REQUIRED ACTION: All of the data must be output exactly, with every picture left out.

PROVIDED RECORDS:
· · · · ·

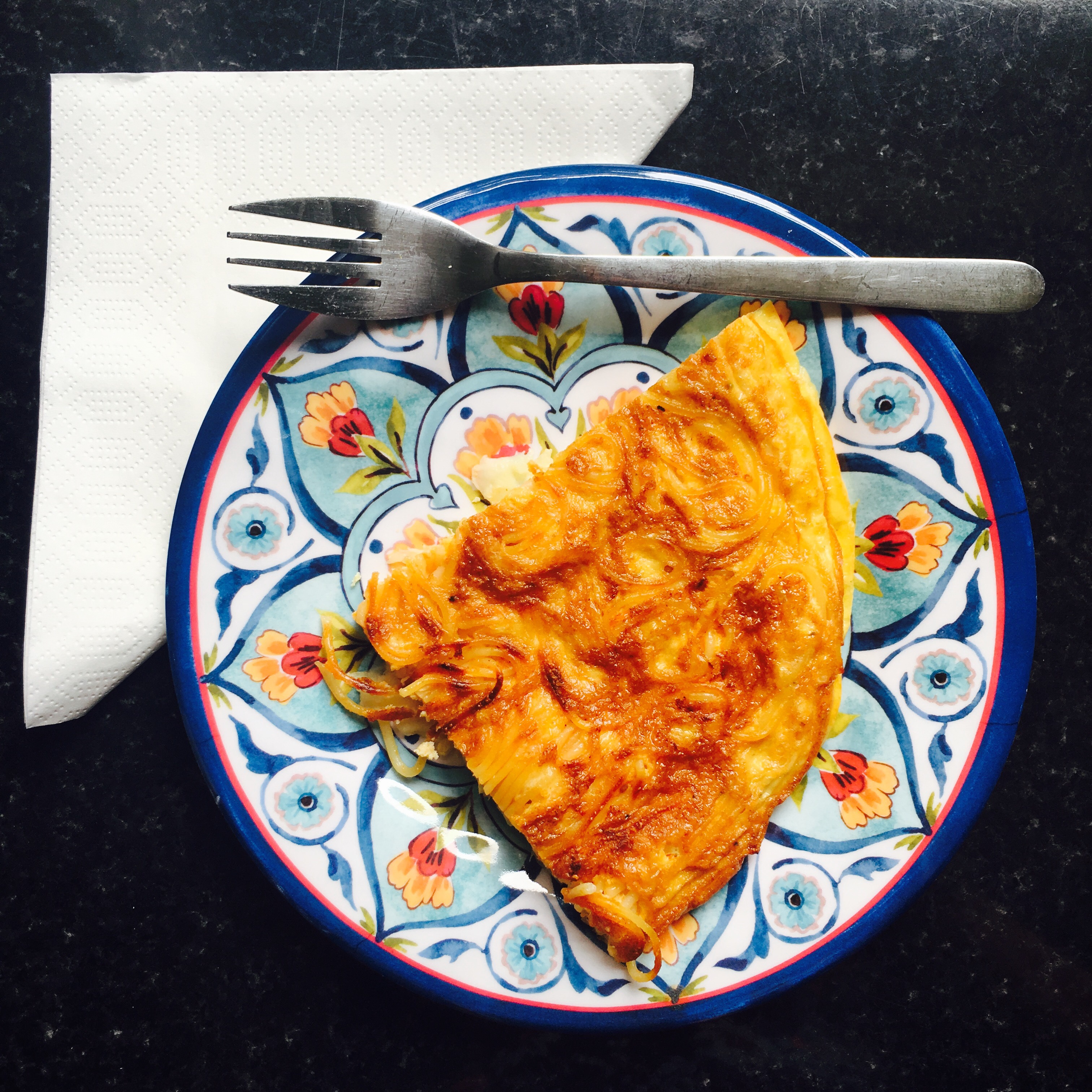 - Add the left over pasta and spread out in the frying pan, put on the lowest heat and leave for about 5 – 10 minutes
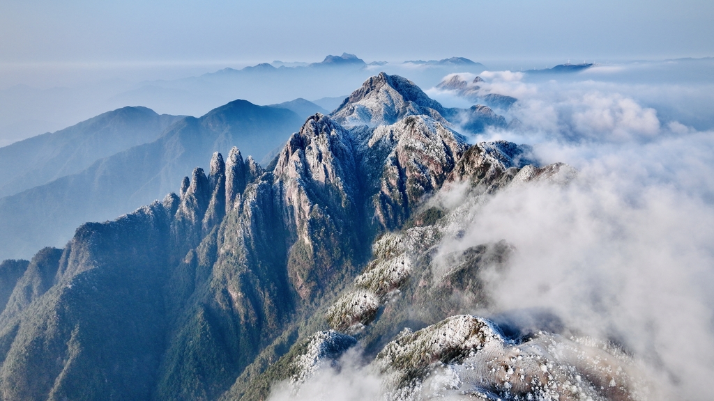 A breathtaking view of snow-capped Mount Yingpan in Jiangxi province [Photo/IC]
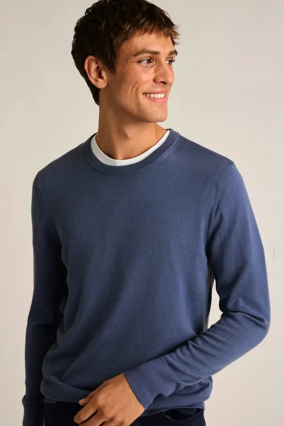 Lana merino leggera | Corpo in jersey | raffinato collo a costine 1×1 | Polsini e orlo più alti a costine 1×1 | Striscia a contrasto nascosta sul bordo interno del collo
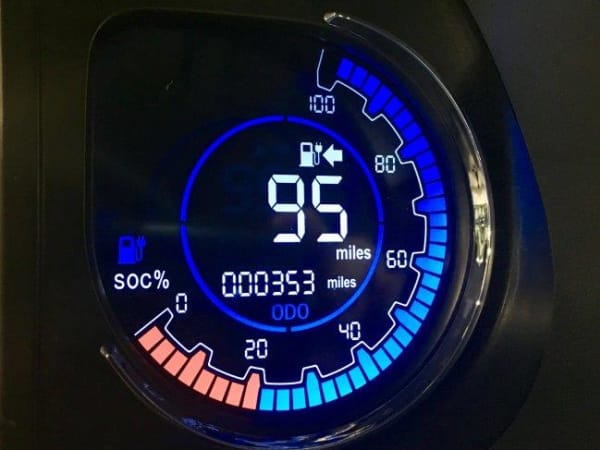 Chanje instrumentation includes this range indicator that counts down the expected miles until recharging will be required.
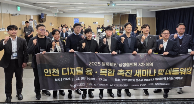 인천광역시는 11월 25일 인천블록체인기술혁신지원센터에서 인공지능(AI)·블록체인 기술의 융복합을 촉진하고 관내 스타트업의 투자 유치를 지원하기 위해 ‘인천 블록체인 상생협의체 회의 및 네트워크 행사’를 성황리에 개최했다고 밝혔다.

· · · · ·

TASK RESPONSE:
 - Add the left over pasta and spread out in the frying pan, put on the lowest heat and leave for about 5 – 10 minutes
 A breathtaking view of snow-capped Mount Yingpan in Jiangxi province [Photo/IC]
 Lana merino leggera | Corpo in jersey | raffinato collo a costine 1×1 | Polsini e orlo più alti a costine 1×1 | Striscia a contrasto nascosta sul bordo interno del collo
 Chanje instrumentation includes this range indicator that counts down the expected miles until recharging will be required.
 인천광역시는 11월 25일 인천블록체인기술혁신지원센터에서 인공지능(AI)·블록체인 기술의 융복합을 촉진하고 관내 스타트업의 투자 유치를 지원하기 위해 ‘인천 블록체인 상생협의체 회의 및 네트워크 행사’를 성황리에 개최했다고 밝혔다.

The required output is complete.